Bléng, bléng, bléng... Como era de costume, anuncia o sino da igreja matriz daquela pacata cidade, a morte de mais um de seus patrícios. A tarde cinzenta e a garoa fina, cortante devido ao vento, pareciam proclamar a triste despedida que viria. Aos poucos a comunidade foi se dirigindo ao local. Alguns inconformados pela morte lhe ter levado ainda tão jovem, outros tristes por saber que ele poderia ter evitado tal fim, e também uns poucos chateados por ter de deixar o calor de suas casas enfrentando aquele tempo para se despedir do defunto.

A tarde cinzenta e a garoa fina trouxeram uma noite fria. Já era madrugada e os dois amigos não abandonavam seu companheiro. Disseram para os familiares que podiam ir para casa descansar para o enterro no dia seguinte. Eles cuidariam do grande amigo durante a madrugada. Seria o último adeus, os últimos momentos juntos, os últimos instantes de uma história de tantos e tantos anos.

Como não podia faltar no encontro dos três amigos, lá estava uma garrafa da pura cachaça do Alto Uruguai. Jaime, já tomado pela bebida, com o dedo em riste, reprovava o amigo moribundo, alegando ter lhe avisado que a bebida o levaria pro caixão mais cedo do que imaginava. Enquanto isso Sérgio foi servir-se de mais um trago, quando se deu por conta que a cachaça havia terminado. Fazia muito frio. Sérgio disse ao Jaime que ele iria até o bar do Seu Bernardo buscar mais bebida para espantar o frio da madrugada. Jaime, que era muito medroso, se ofereceu para ir em seu lugar. Porém Sérgio não era dos homens mais corajosos desse mundo e também não estava disposto a ficar ali sozinho com o defunto. A solução seria os dois irem juntos ao bar. Mas seria algo desumano abandonar o amigo em suas últimas horas antes de baixar a sepultura. Não havia outra saída...

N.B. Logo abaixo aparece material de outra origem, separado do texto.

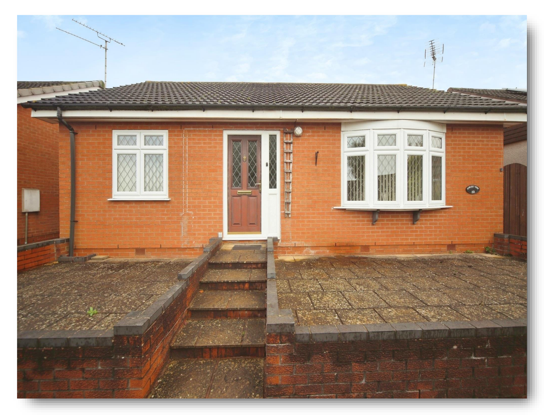
Forest View, Redditch B97 5LA

Para quem os conhecia, a cena não era nada incomum. Os amigos, altas horas da madrugada, reunidos na mesma mesa do mesmo bar. Porém, algo estava diferente. Não haviam mais gargalhadas e os “causos” famosos, só um ar de saudosismo que tomava conta do ambiente. Jaime e Sérgio com olhares distantes, perdidos na fumaça de seus cigarros, e Plínio cabisbaixo, também pudera, estava morto.

*Conto escrito em parceria com minha esposa Nicole Loose.